But then Torbay Council staff, searching her flat for details which might lead them to her next of kin, noticed a medal in a box.
The square cross on two crossed swords was none other than the Croix de Guerre, the French decoration for valour commonly bestowed on military allies.
Further research, and revelations among papers found in the flat, revealed it was awarded to Eileen for serving in Occupied France during the Second World War. She was an undercover Allied radio operator working under the codename “Rose”.
Despite surviving incarceration and torture in a Nazi concentration camp, Eileen – known as Didi for most of her life – kept her time as an agent for the Special Operations Executive (SOE) to herself after retiring to Devon.
Her story made headlines around the world and she was given a funeral fitting her heroism.
Civic dignitaries and VIPs flocked to a requiem mass.
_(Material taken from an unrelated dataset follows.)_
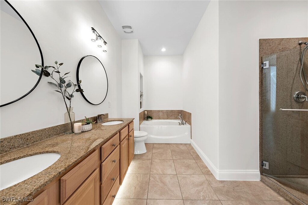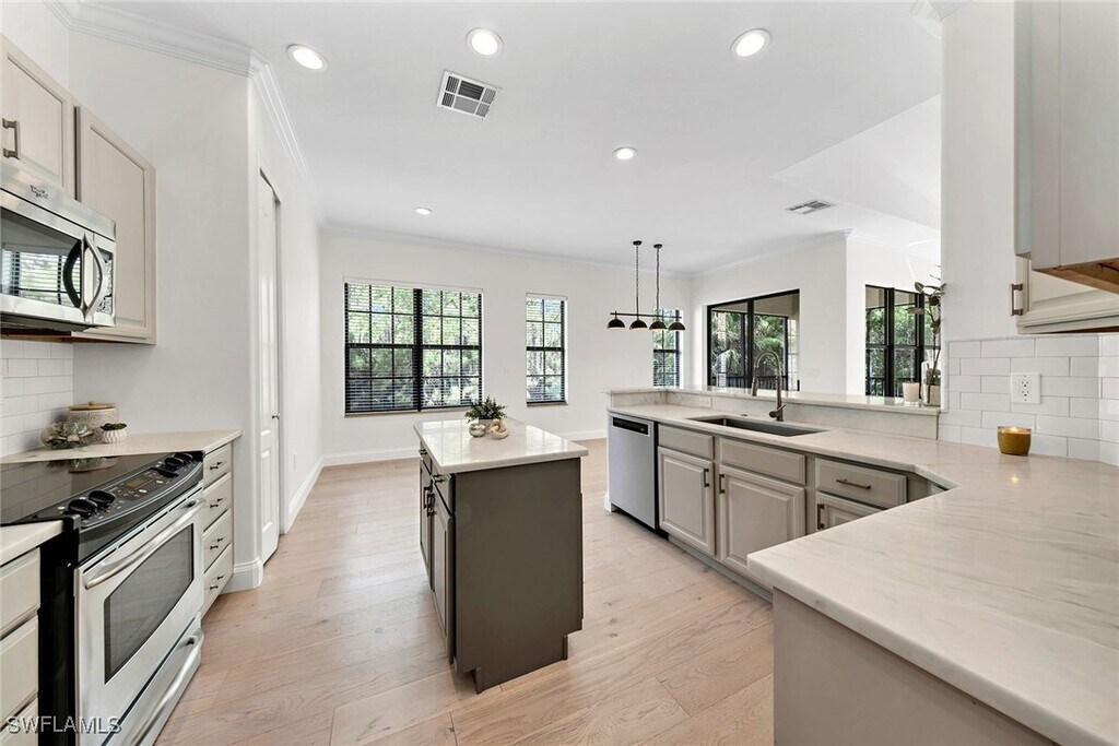 Welcome to Gusto Bella Vita,a beautiful community that combines luxury and convenience in a serene setting. This sought-after second-floor unit is a true gem,featuring vaulted ceilings and an open-concept layout that invites natural light throughout. Freshly painted and adorned with stylish new lighting and ceiling fans,this three-bedroom,two-bathroom residence is designed for comfortable living. The state-of-the-art kitchen boasts top-of-the-line stainless steel appliances and elegant granite countertops,seamlessly connecting to the spacious living and dining areas with 10' ceilings. Enjoy tranquil mornings from the screened lanai,where you can take in breathtaking preserve views through large picture windows facing Northeast. The master bedroom is a sanctuary,featuring generous walk-in closets and a large bathroom equipped with a tub and a walk-in shower. The two additional bedrooms,conveniently located near the entry,offer ample space for family or guests. Additional home highlights include exquisite wood flooring,crown molding,and an attached one-car garage for extra storage. As a resident of Bella Vita,you'll also have access to exceptional community amenities,including a clubhouse with a kitchen,an outdoor pool,a spa,and a fitness center. Ideally located off Pine Ridge Road,this community is just a few minutes away from various restaurants,shopping options,Hospitals,Publix,I-75,and Naples' pristine white sand beaches. Take your chance to experience upscale living in this stunning property in the heart of Naples.
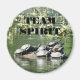 A round Team Spirit motivational magnet for home or office featuring the photo image of a group of pond turtles sunbathing on a rock. Select your magnet size.

French Consul-General Edouard Braine said: “We are here to show our gratitude to someone to whom we owe the freedom of our country. Without efforts like hers, France would not have been liberated.”
Now her story has inspired the character of Betty, the fictional beating heart at the centre of Louise Morrish’s latest novel, Operation Moonlight.
“It’s only when her carer uncovers a gun in Betty’s cellar that her secret life in the war comes to light,” says Louise, a librarian whose debut novelThe Coffin Club won the 2019 Penguin Random House First Novel Competition.
“It was the same for Eileen, whose story was pieced together by historians who became involved following intervention by Torquay council.”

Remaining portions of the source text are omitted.